▶ _TASK TO COMPLETE_:
Your reply should consist only of the lines from the one holding "Характеристика приладу. Воскотопка" to the last line of the data below, written out exactly and without pictures.

[Data items]
"""

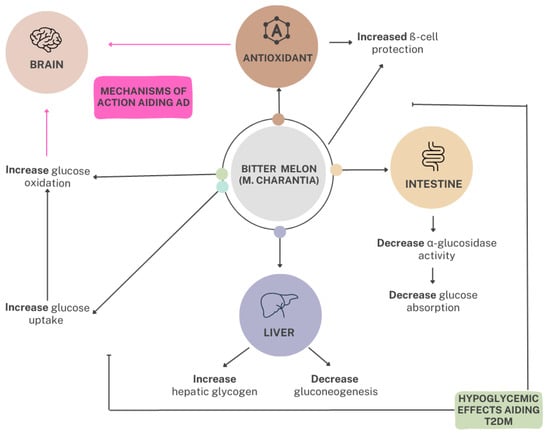Current diabetes medications utilize the insulin and oral hypoglycemic effects within M. charantia to control T2DM and other metabolic conditions. Metformin, one of the most popular diabetic medications, is one of them. This medication lowers blood sugar levels by improving insulin sensitivity. M. charantia maintains the same hypoglycemic effects as metformin; it promotes insulin secretion, improving glucose uptake by adipose or muscle tissues, and inhibiting glucose absorption from the intestines and glucose production from the liver [78], whereas consuming M. charantia or its extracts can present the same effects with far fewer side effects [3]. Current research exemplifies the potential use of M. charantia as a more recognizable tool for T2DM and AD prevention and treatment, as it is the most accepted hypoglycemic plant [3]. M. charantia maintains hypoglycemic effects through antioxidant effects promoting ß-cell protection, the decrease in glucose absorption from the intestines and glucose production from the liver, and improved glucose uptake by adipose or muscle tissues, thus affecting the brain as well due to glucose being its main energy source as illustrated in Figure 2 [79]. This paper will focus on M. charantia and its bioactive components in relation to its ability to control, treat, and possibly prevent both T2DM and AD, a seemingly interconnected disease state due to impaired insulin signaling. Although bitter melon’s potential as a replacement therapy for traditional medicine still needs further clinical research, the result of current research looks promising [3].
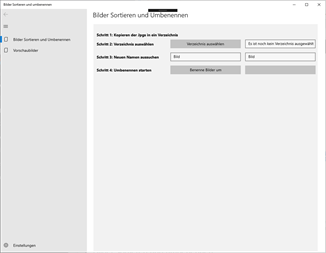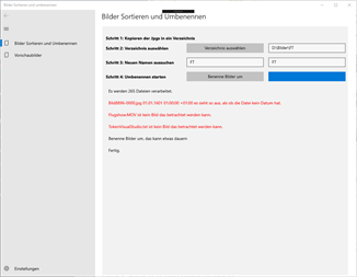 Kennen Sie die Schwierigkeit? Fotos auf Windows Phone, IOS, Android und auf den Spiegelreflexkameras und Freunde haben ebenfalls noch Fotos von z.B. der Silvesterfeier. Alle haben etwas andere Namen und sind nicht leicht sortierbar. Diese App räumt damit auf! Alle Fotos in ein Verzeichnis kopieren und die App starten. Einfach. Schnell. Sicher. Es werden alle von Windows unterstützten Bilder verwendet, wie z.B. JPG, NEF und PNG. Bitte die Bilder immer in ein separates Verzeichnis kopieren, so können keine Schäden an den Originalen entstehen.
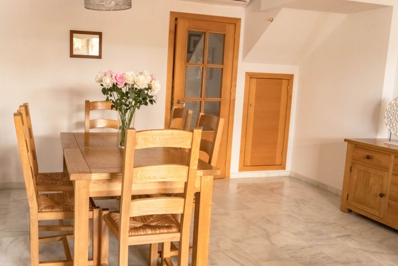 La vivienda fue construida en 2006 y está en perfecto estado de conservación. Cuenta con 175 m² construidos en 3 plantas. Tanto el salón como los dormitorios disponen de aire acondicionado. Todas las terrazas de la vivienda tienen vistas al campo de golf.
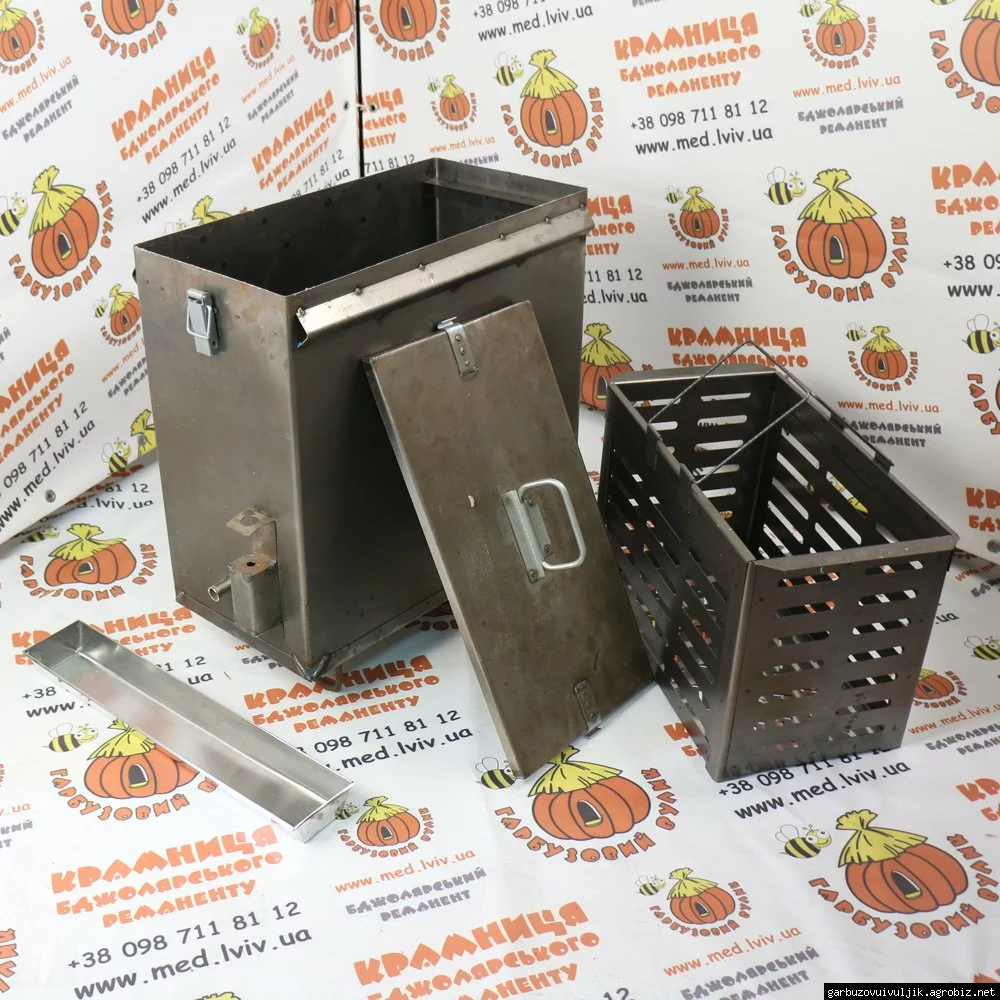 Характеристика приладу. Воскотопка складається з: корпусу з кришкою, корзини для рамок з сушшю, внутрішнього піддону для збору та відводу назовні воску. В комплект поставки включається термометр для контролю температури всередині воскотопки в процесі переробки воскової сировини.
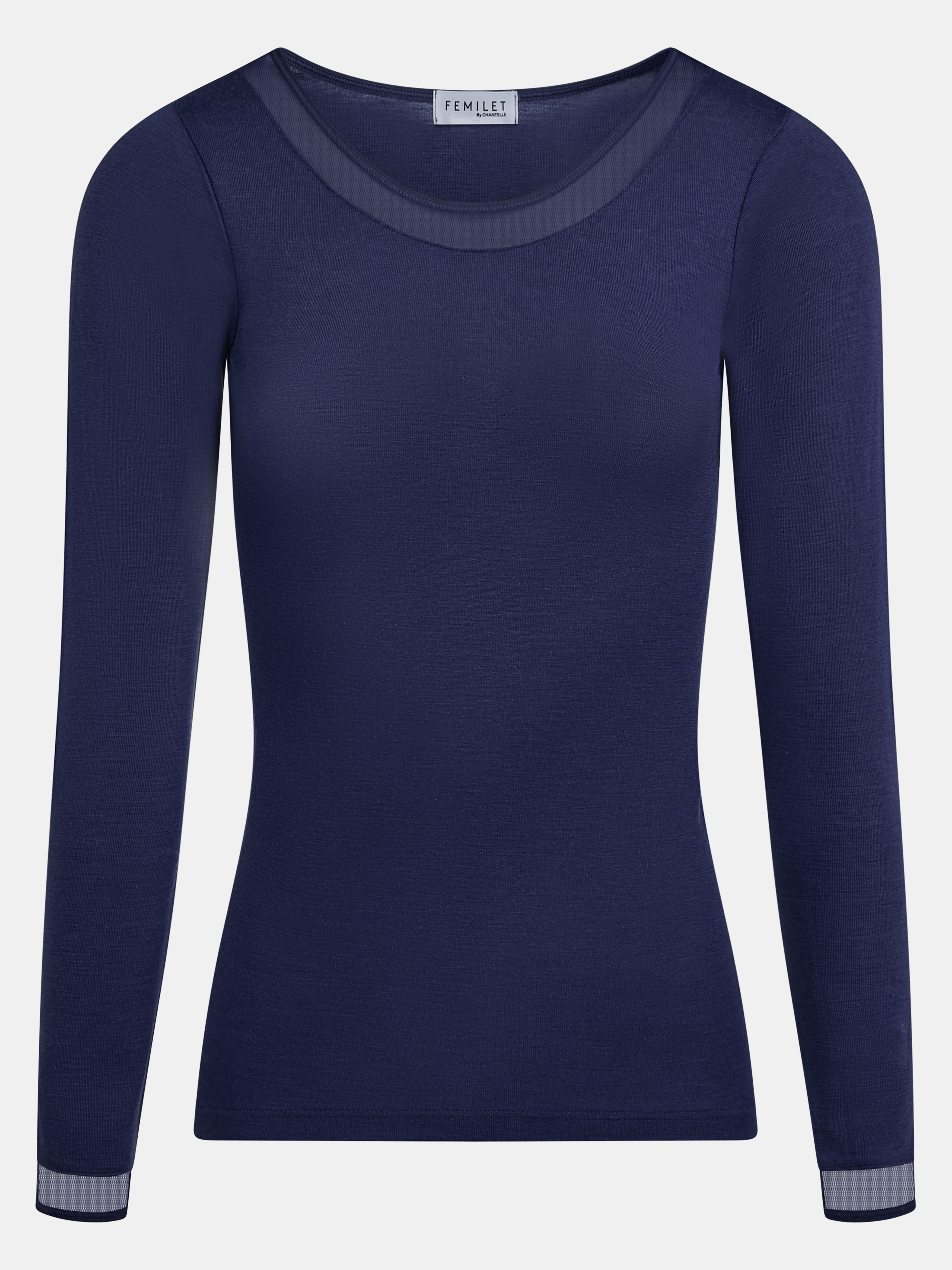 Langermet genser i myk ull med elegant meshkant i utringning og på armene. Produsert i 100 % merinoull som varmer når det er kaldt og puster når det er varmt.
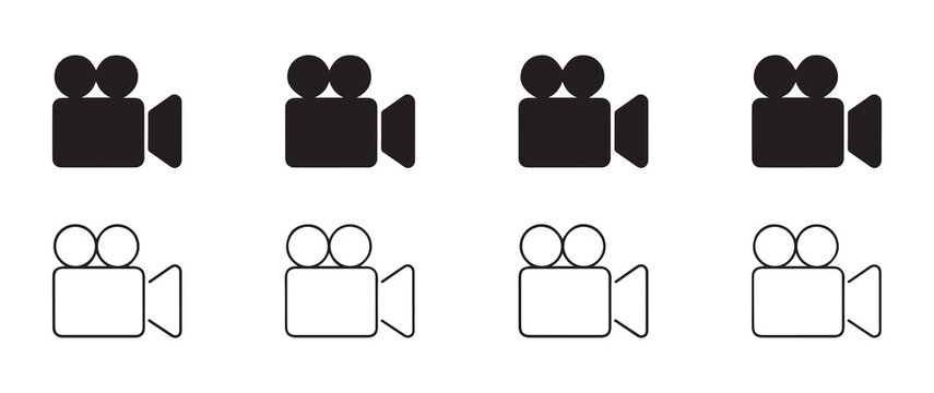 Video recorder icons set black solid and outline styles for film production vector

"""

▶ _WRITTEN REPLY_:
 Характеристика приладу. Воскотопка складається з: корпусу з кришкою, корзини для рамок з сушшю, внутрішнього піддону для збору та відводу назовні воску. В комплект поставки включається термометр для контролю температури всередині воскотопки в процесі переробки воскової сировини.
 Langermet genser i myk ull med elegant meshkant i utringning og på armene. Produsert i 100 % merinoull som varmer når det er kaldt og puster når det er varmt.
 Video recorder icons set black solid and outline styles for film production vector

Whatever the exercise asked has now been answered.